» Data excerpts:
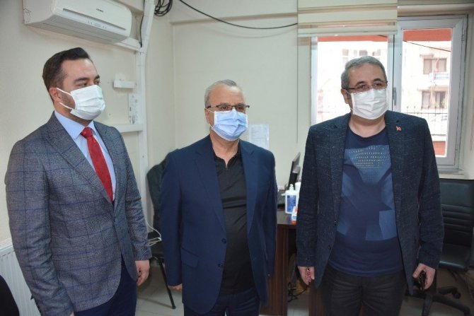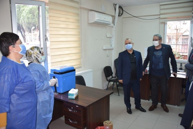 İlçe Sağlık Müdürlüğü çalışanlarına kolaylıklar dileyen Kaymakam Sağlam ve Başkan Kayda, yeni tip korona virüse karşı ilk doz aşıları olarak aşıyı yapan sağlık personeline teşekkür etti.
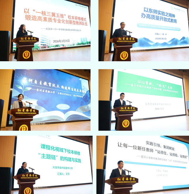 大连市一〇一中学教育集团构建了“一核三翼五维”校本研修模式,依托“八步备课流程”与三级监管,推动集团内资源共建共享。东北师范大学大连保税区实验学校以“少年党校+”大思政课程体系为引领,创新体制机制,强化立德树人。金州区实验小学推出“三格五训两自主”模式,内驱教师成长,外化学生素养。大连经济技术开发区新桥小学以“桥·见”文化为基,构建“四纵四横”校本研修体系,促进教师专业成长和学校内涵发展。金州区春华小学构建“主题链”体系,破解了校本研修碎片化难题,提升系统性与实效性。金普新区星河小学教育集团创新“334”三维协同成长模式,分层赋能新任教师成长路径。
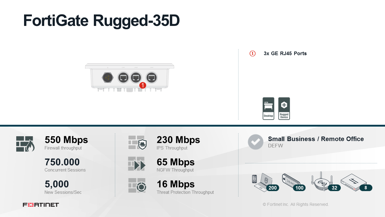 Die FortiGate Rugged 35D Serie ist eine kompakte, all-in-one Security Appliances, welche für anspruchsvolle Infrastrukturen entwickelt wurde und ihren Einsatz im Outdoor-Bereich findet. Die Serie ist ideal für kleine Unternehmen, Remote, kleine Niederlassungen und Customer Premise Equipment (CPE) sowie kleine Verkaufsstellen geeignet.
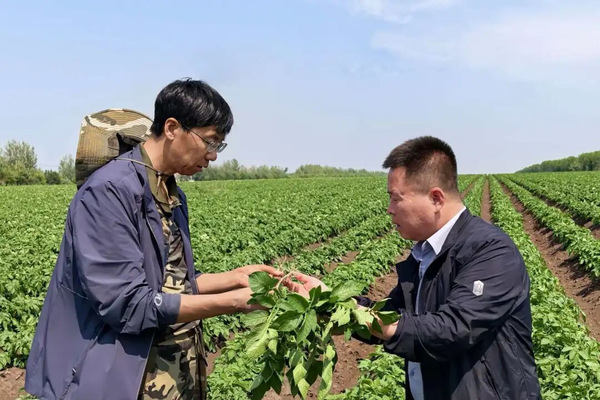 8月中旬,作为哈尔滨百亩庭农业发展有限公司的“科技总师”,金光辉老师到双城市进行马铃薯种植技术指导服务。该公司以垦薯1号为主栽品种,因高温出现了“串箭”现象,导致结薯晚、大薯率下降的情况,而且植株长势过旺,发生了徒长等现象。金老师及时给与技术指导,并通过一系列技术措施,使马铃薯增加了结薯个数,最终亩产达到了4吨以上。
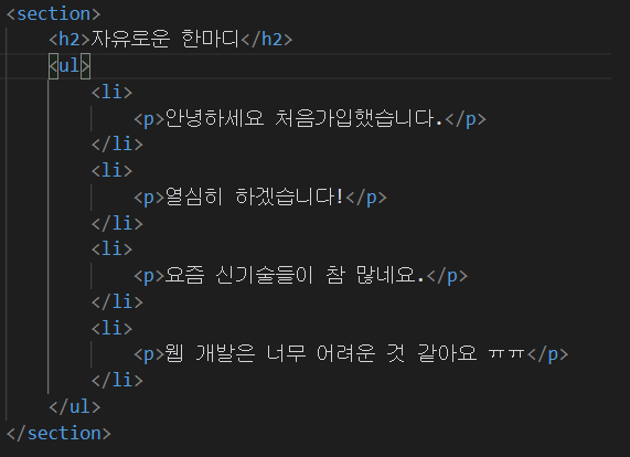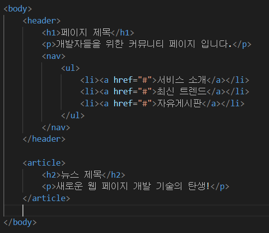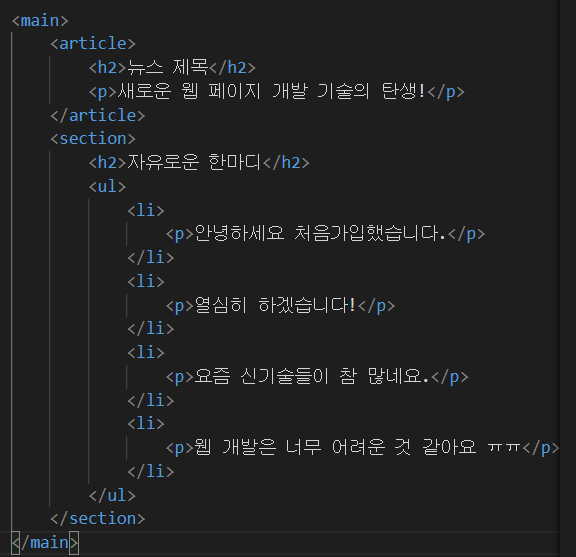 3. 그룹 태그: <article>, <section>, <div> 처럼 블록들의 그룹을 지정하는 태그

* * *

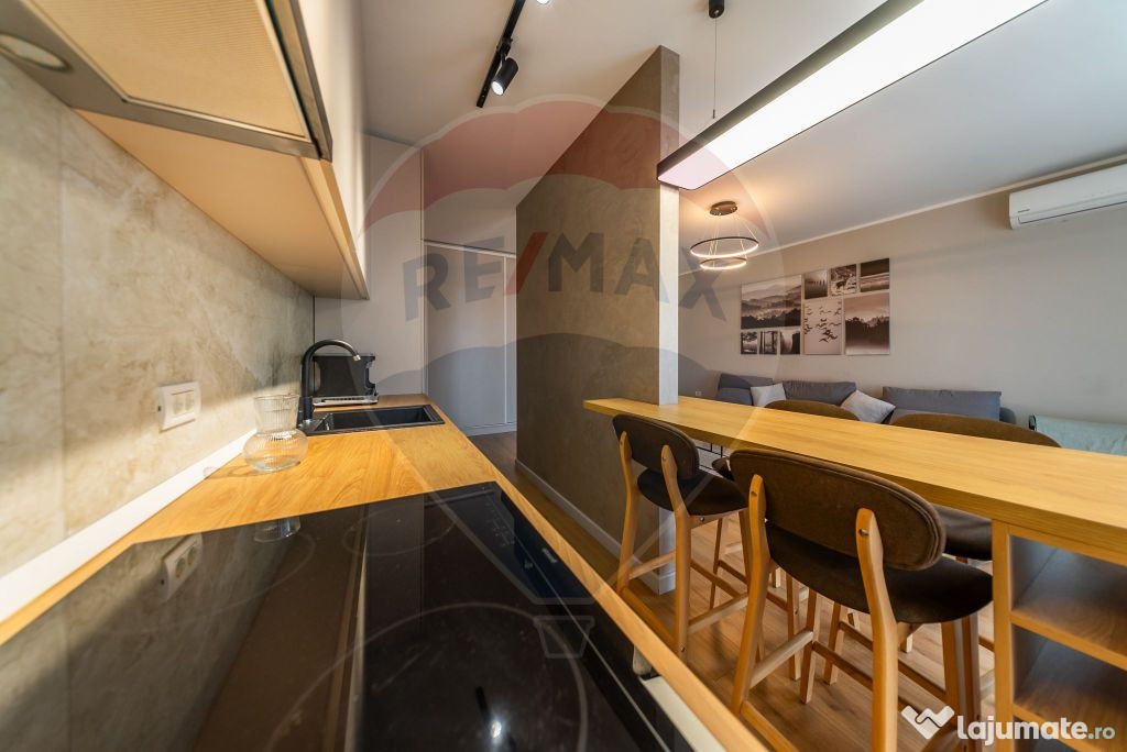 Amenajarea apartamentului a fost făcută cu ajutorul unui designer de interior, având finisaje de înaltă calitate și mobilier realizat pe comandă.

» Your task:
No picture is to be printed. Output exactly the lines above from the line containing "Die FortiGate Rugged" through the line containing "3. 그룹 태그: <article>, <section>, <div>".

» Exercise solution:
 Die FortiGate Rugged 35D Serie ist eine kompakte, all-in-one Security Appliances, welche für anspruchsvolle Infrastrukturen entwickelt wurde und ihren Einsatz im Outdoor-Bereich findet. Die Serie ist ideal für kleine Unternehmen, Remote, kleine Niederlassungen und Customer Premise Equipment (CPE) sowie kleine Verkaufsstellen geeignet.
 8月中旬,作为哈尔滨百亩庭农业发展有限公司的“科技总师”,金光辉老师到双城市进行马铃薯种植技术指导服务。该公司以垦薯1号为主栽品种,因高温出现了“串箭”现象,导致结薯晚、大薯率下降的情况,而且植株长势过旺,发生了徒长等现象。金老师及时给与技术指导,并通过一系列技术措施,使马铃薯增加了结薯个数,最终亩产达到了4吨以上。
 3. 그룹 태그: <article>, <section>, <div> 처럼 블록들의 그룹을 지정하는 태그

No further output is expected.